Signed-off-by: Johann Klähn <johann@xxxxxxxxxx>
---
memorder/memorder.tex | 16 ++++++++--------
1 file changed, 8 insertions(+), 8 deletions(-)
diff --git a/memorder/memorder.tex b/memorder/memorder.tex
index 865eff95..9792099f 100644
--- a/memorder/memorder.tex
+++ b/memorder/memorder.tex
@@ -2169,7 +2169,7 @@ from a particular store, then, courtesy of the finite speed of light and
the non-zero size of modern computing systems, the store absolutely has
to have executed at an earlier time than did the load.
This means that carefully constructed programs can rely on the
-passage of time itself as an memory-ordering operation.
+passage of time itself as a memory-ordering operation.
\begin{figure}
\centering
@@ -2588,7 +2588,7 @@ if (p == &reserve_int) {
\item Although it is permissible to compute offsets from a
pointer, these offsets must not result in total cancellation.
For example, given a \co{char} pointer \co{cp},
- \co{cp-(uintptr_t)cp)} will cancel and can allow the compiler
+ \co{cp-(uintptr_t)cp} will cancel and can allow the compiler
to break your dependency chain.
On the other hand, canceling offset values with each other
is perfectly safe and legal.
@@ -2753,7 +2753,7 @@ void updater(void) \lnlbl[upd:b]
{
struct foo *p;
- p = malloc(sizeo(*p)); \lnlbl[upd:alloc]
+ p = malloc(sizeof(*p)); \lnlbl[upd:alloc]
BUG_ON(!p); \lnlbl[upd:bug]
p->a = 42; \lnlbl[upd:init:a]
p->b = 43;
@@ -2803,7 +2803,7 @@ bitterly on \clnref{bug} if none is available.
\Clnrefrange{init:a}{init:c} initialize the newly allocated structure,
and then \clnref{assign1} assigns the pointer to \co{gp1}.

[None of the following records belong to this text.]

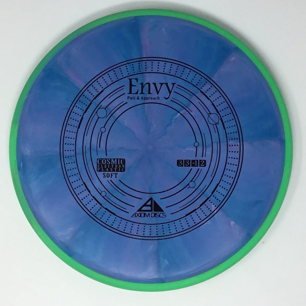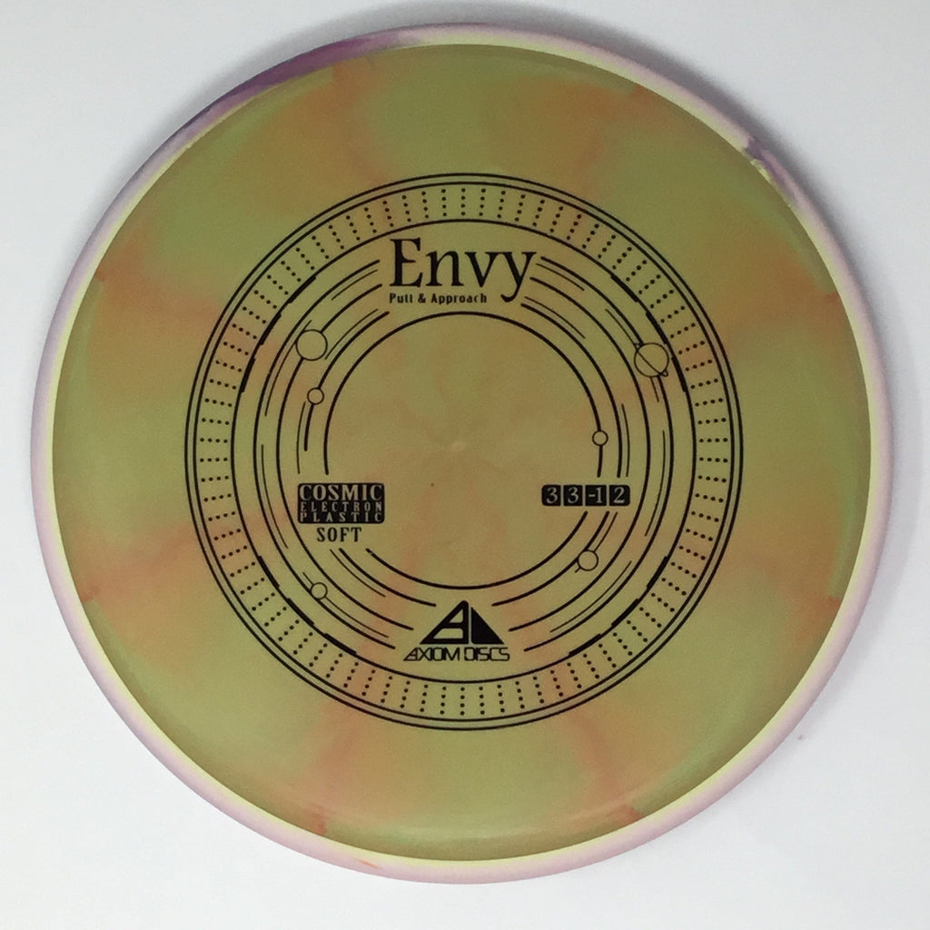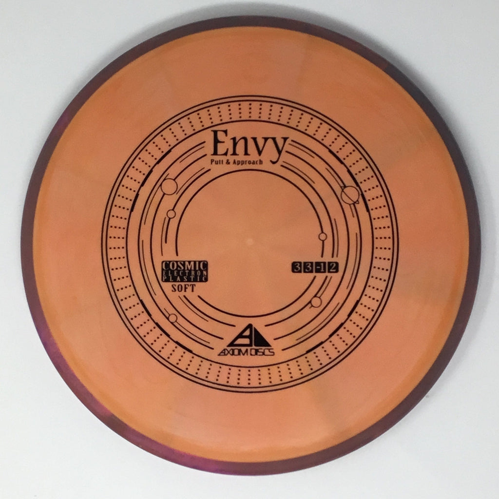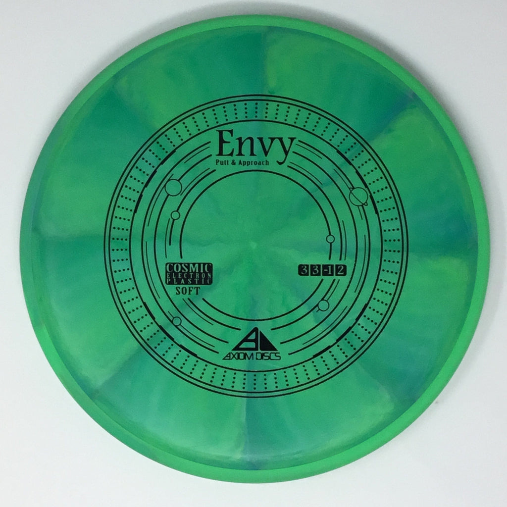 The Envy is a slightly overstable putt and approach disc. The Envy has a smooth modern feel that fits in the hand perfectly, lending confidence for both putt and approach duties. The Envy exhibits reliable high-speed stability and a minimal fade. With a slightly lower profile and cruising speed than the Ion and Anode class, the Envy is a uniquely “lid-like” stable putter. The Envy’s defining flight characteristic is its ability to hold a straight flight for power throwers, but also be a dependably stable approach disc for lower power throwers. Its medium depth offers a healthy balance of straight flight paired with an easy clean release. While its flight stability is largely similar to the MVP Ion, the Envy offers an entirely new feel. Its versatile stability on any type of shot will help the Envy find its way into every Axiom thrower’s bag.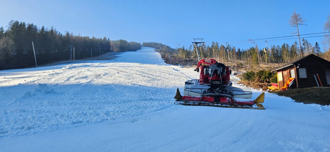 Těšíme se na vás, Skiareál zatím není propojen, nelze se dosta po sněhu z Bubákova do Herlíkovice a obráceně.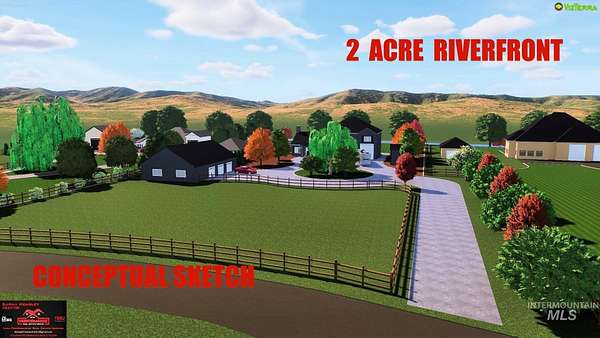 3.8% OWNER OWNER FINANCING AVAILABLE!! Nestled within the prestigious Riverfront Estate Subdivision lies an extraordinary 2-acre lot boasting 150 feet of prime river frontage along the majestic Snake River. This picturesque parcel offers boundless opportunities for creating your own retreat. Imagine your dream home amidst the tranquil beauty of this riverside sanctuary, where every day begins with breathtaking sunrise views and ends with a sunset painted the sky. The opportunities are endless on this beautiful level lot; build your dream home, bring all your animals, (goats, horses, cows, etc.) put a boat dock on your own personal riverfront; watch the sunrise, sunset, fish, boat, kayak, etc. Enjoy the solitude, peace and quite of your own peace of heaven, knowing that you're only 20 minutes from Nampa and 45 minutes to Boise where all of your city needs are at your finger tips. Bring your builder and build your dream home! FEEL FREE TO COME AND WALK THE LOT! CONCEPTUAL DRAWINGS IN PHOTOS!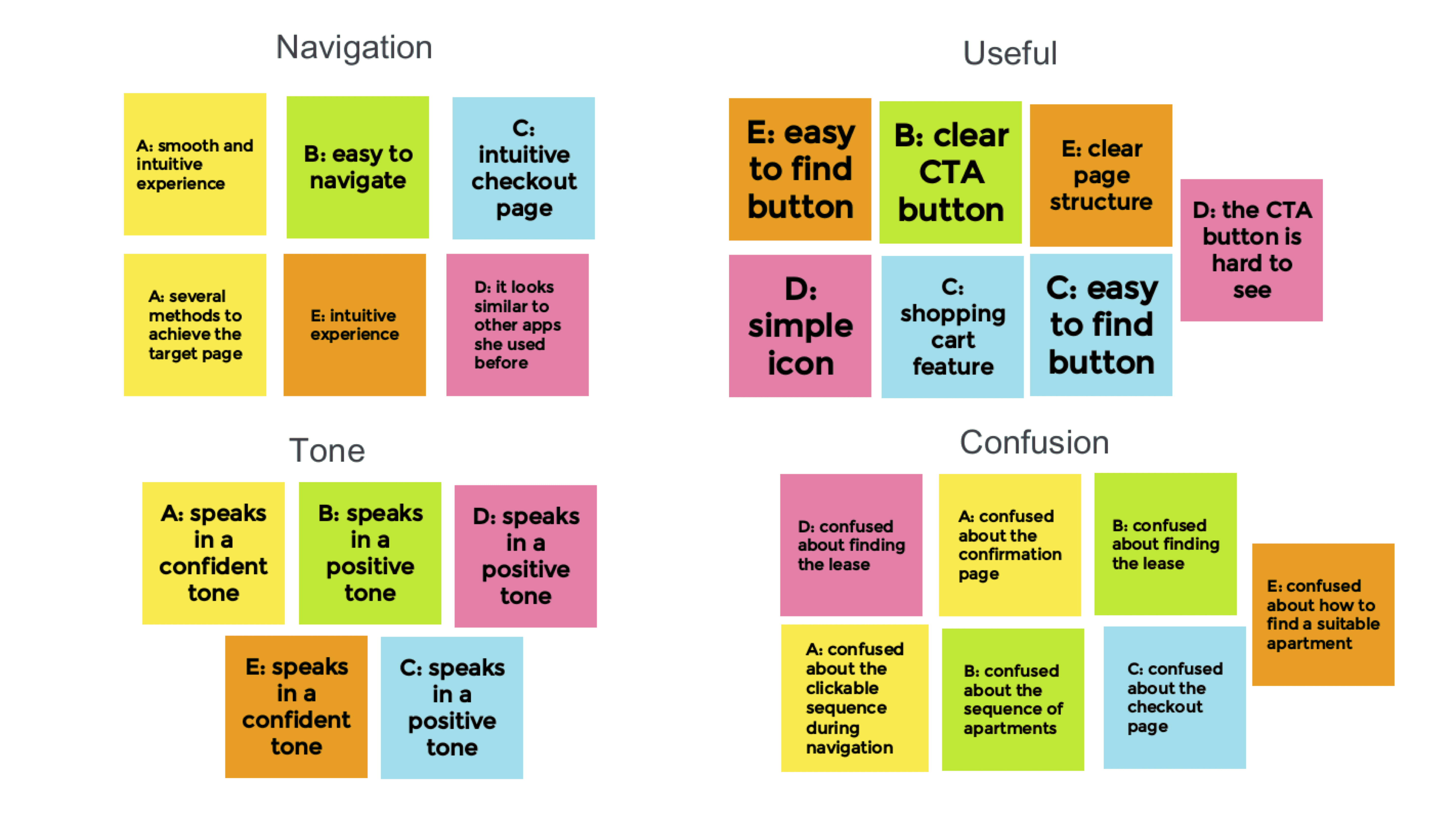 Based on insights from the usability study, I created an affinity map to synthesize findings.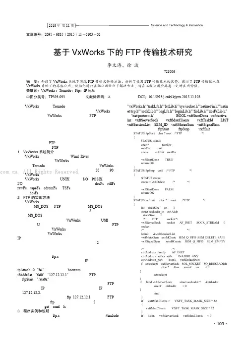 Science and Technology & Innovation ┃科技与创新·103·文章编号:2095-6835(2015)11-0103-02基于VxWorks 下的FTP 传输技术研究李文涛,徐 波(陕西长岭电子科技有限责任公司产品开发部,陕西 宝鸡 721006)摘 要:介绍了VxWorks 系统下实现FTP 传输文件的方法,分析了使用FTP 传输技术的优势,探讨了FTP 传输技术在VxWorks 系统下的具体应用,就如何进行实际应用给出了解决方法,这在工程应用中具有一定的实用价值。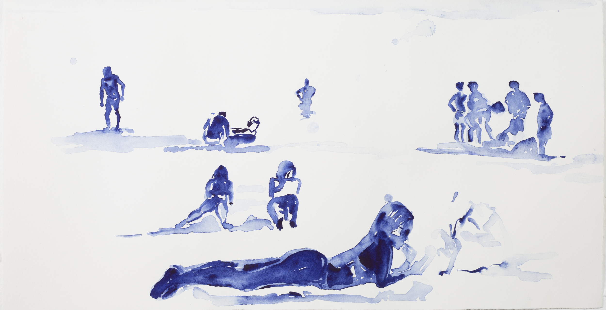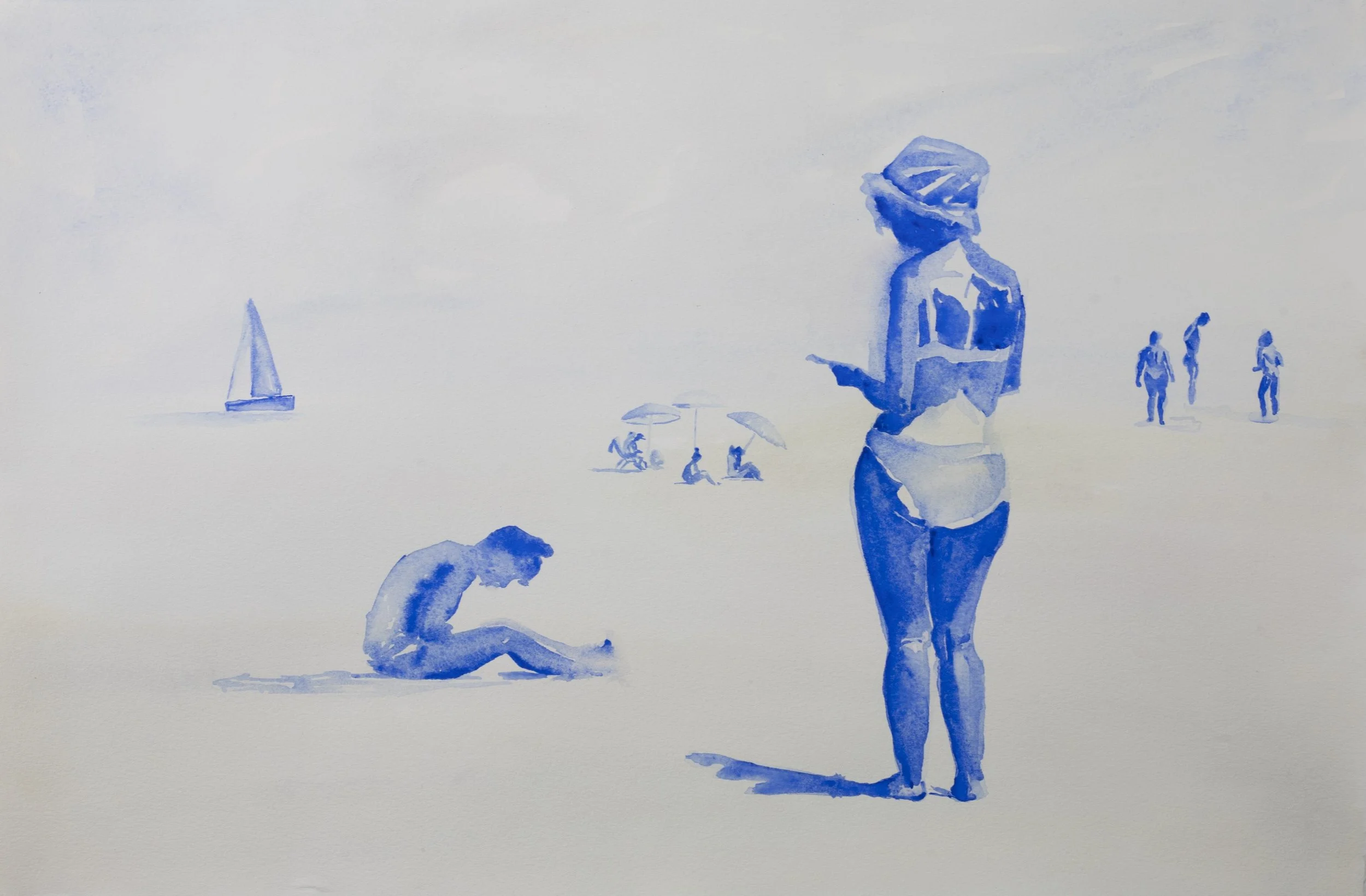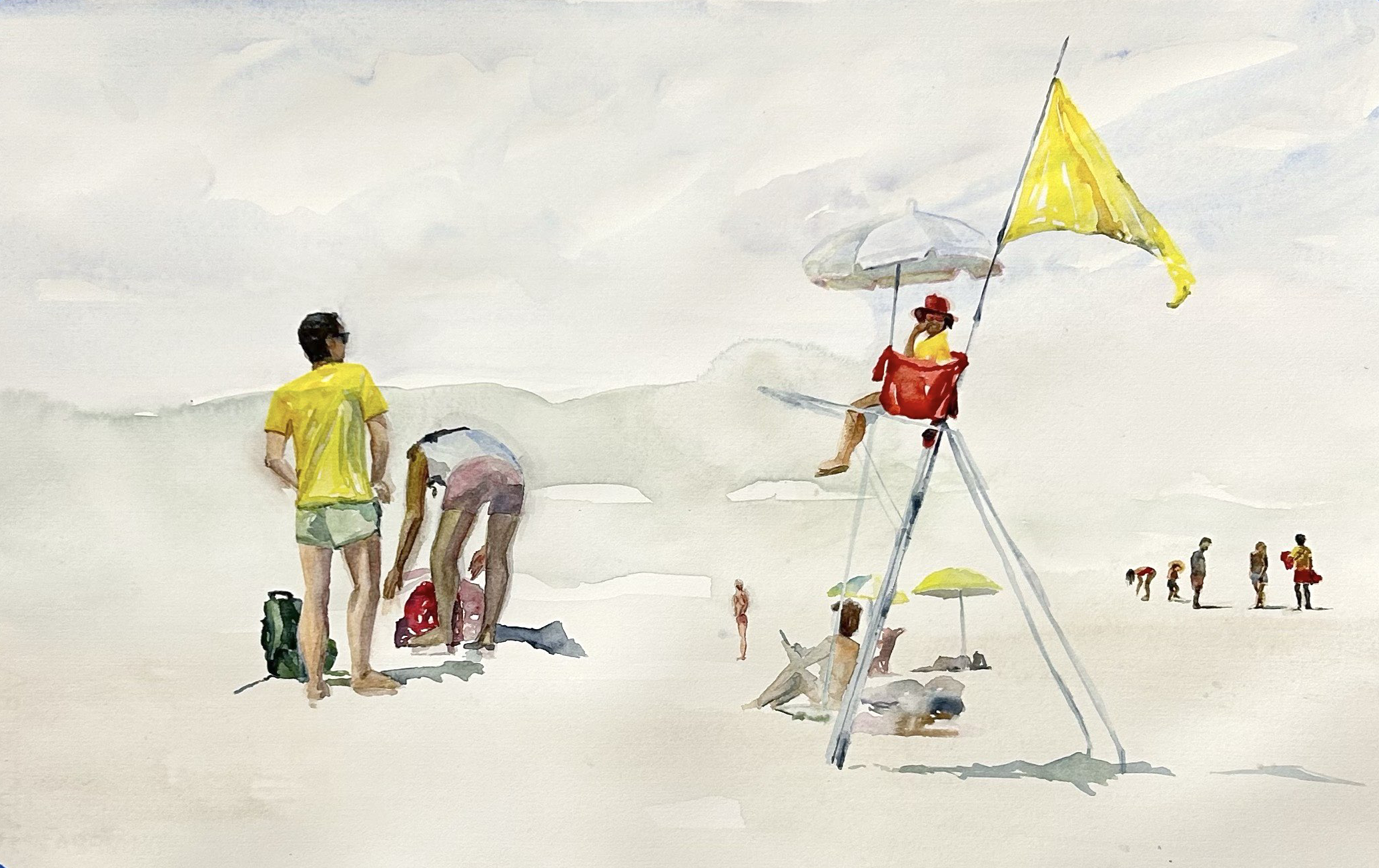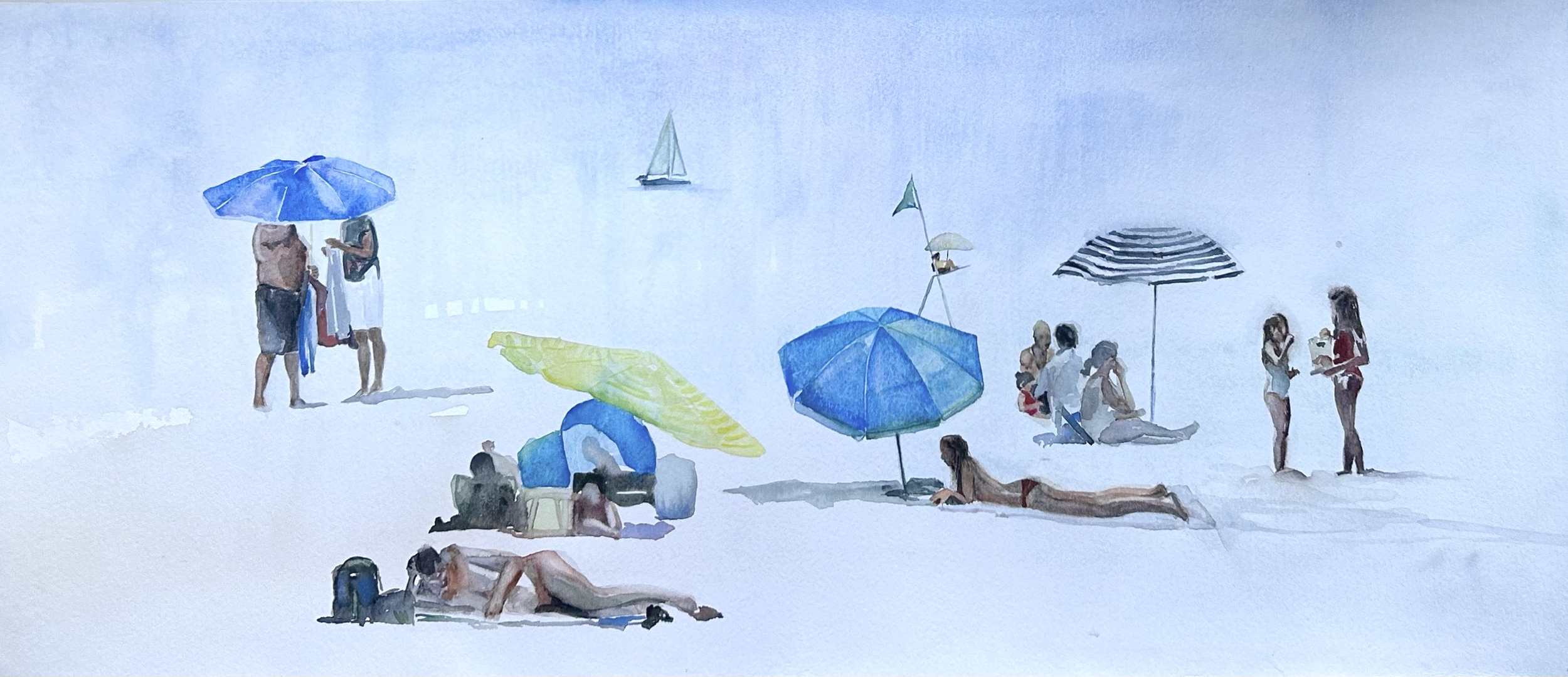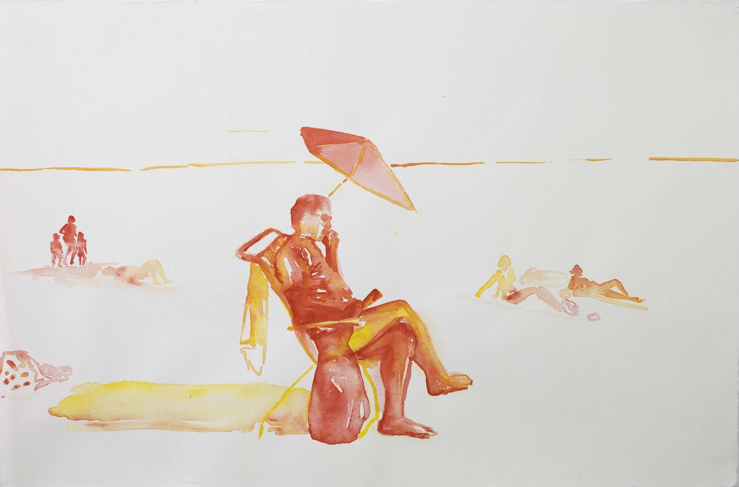 The watercolor series ‘Dolce Far Niente: Beach Idelness’ captures the serene beach scenes where people engage in casual activities, embracing moments of relaxation, reading books, immersing themselves in their phones, playing ball games, and relishing the beauty of simply being – the sweet idleness of beach life.

\Clnref{upd:b,upd:c} then update two of the structure's fields, and does
-so \co{after} \clnref{assign1} has made those fields visible to readers.
+so \emph{after} \clnref{assign1} has made those fields visible to readers.
Please note that unsynchronized update of reader-visible fields
often constitutes a bug.
Although there are legitimate use cases doing just this, such use cases
@@ -3032,7 +3032,7 @@ if (q || 1 > 0)
Because the first condition cannot fault and the second condition is
always true, the compiler can transform this example as following,
-defeating control dependency:
+defeating the control dependency:
\begin{VerbatimN}
q = READ_ONCE(x);
@@ -3238,7 +3238,7 @@ These facts are what enables the lockless fastpaths in
\cref{lst:SMPdesign:Allocator-Cache Allocator Function,%
lst:SMPdesign:Allocator-Cache Free Function},
respectively.
-However, this also why the developer is responsible for providing
+However, this is also why the developer is responsible for providing
appropriate ordering (for example, by using \co{smp_store_release()})
when publishing a pointer to a newly allocated block of memory.
After all, in the CPU-local case, the allocator has not necessarily
@@ -3307,7 +3307,7 @@ As it turns out, quite a bit:
Is some other CPU or thread not holding that lock guaranteed to
see A and B in order?
\item As above, but with the lock reacquisition carried out by some
- other CPU or threads?
+ other CPU or thread?
\item As above, but with the lock reacquisition being some other lock?
\item What ordering guarantees are provided by \co{spin_is_locked()}?
\end{enumerate}
@@ -3571,7 +3571,7 @@ One reason is modeling performance, as shown in
on
\cpageref{tab:formal:Locking: Modeling vs. Emulation Time (s)}.
Directly modeling locking in general is orders of magnitude faster
-than modeling even a trivial implementation.
+than emulating even a trivial implementation.
This should be no surprise, given the combinatorial explosion experienced
by present-day formal-verification tools with increases in the number of
memory accesses executed by the code being modeled.
--
2.34.1